● Exercise requirements
Copy the lines below exactly, starting at the one with "Материал каркаса - металл;" and ending at the one with "Запечь в духовке", and leave out any picture.

● Input data
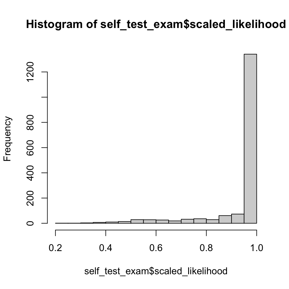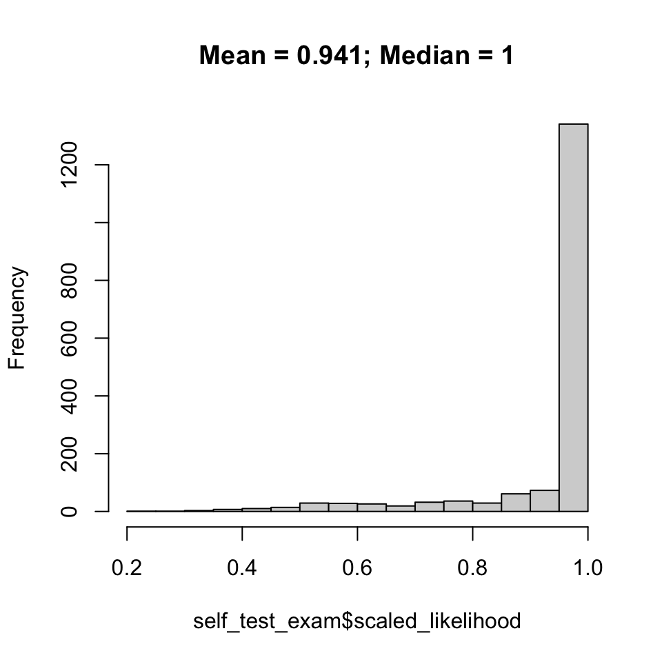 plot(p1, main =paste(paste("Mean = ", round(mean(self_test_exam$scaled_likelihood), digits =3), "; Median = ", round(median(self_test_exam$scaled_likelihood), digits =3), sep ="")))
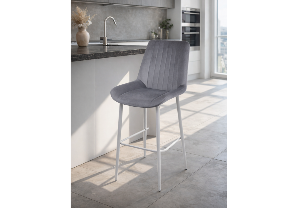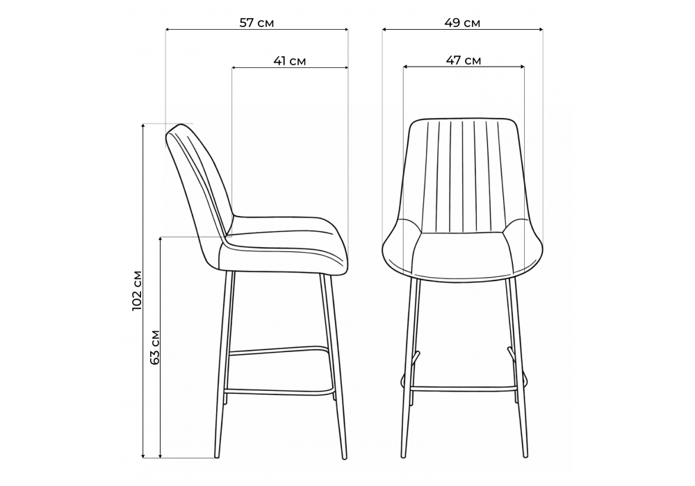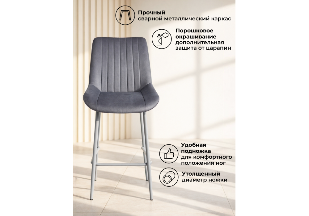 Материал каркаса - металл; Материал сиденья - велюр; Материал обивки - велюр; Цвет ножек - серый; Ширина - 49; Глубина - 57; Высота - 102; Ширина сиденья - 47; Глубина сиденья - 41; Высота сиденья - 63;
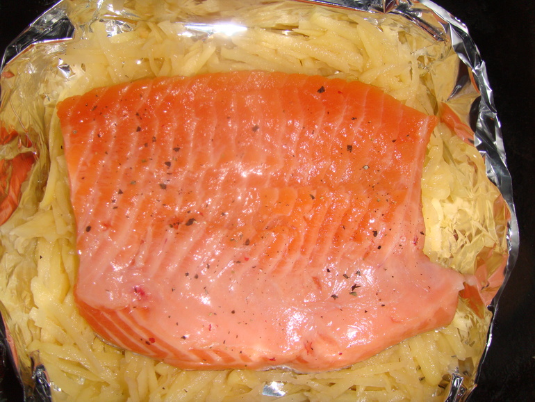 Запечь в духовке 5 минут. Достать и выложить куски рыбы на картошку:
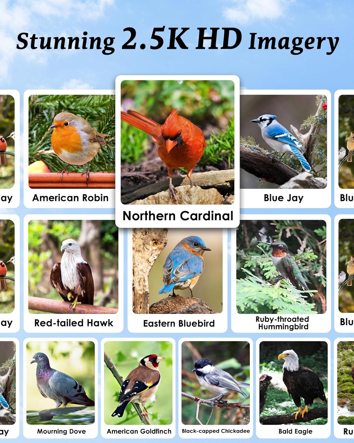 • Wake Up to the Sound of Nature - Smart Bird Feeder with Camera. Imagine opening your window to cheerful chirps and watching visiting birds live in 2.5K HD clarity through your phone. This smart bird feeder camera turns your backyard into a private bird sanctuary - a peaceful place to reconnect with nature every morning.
* * *
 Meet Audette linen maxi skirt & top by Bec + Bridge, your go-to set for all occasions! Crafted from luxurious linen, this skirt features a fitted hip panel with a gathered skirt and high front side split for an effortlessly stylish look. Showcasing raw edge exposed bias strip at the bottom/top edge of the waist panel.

● Reply to the exercise
 Материал каркаса - металл; Материал сиденья - велюр; Материал обивки - велюр; Цвет ножек - серый; Ширина - 49; Глубина - 57; Высота - 102; Ширина сиденья - 47; Глубина сиденья - 41; Высота сиденья - 63;
 Запечь в духовке 5 минут. Достать и выложить куски рыбы на картошку:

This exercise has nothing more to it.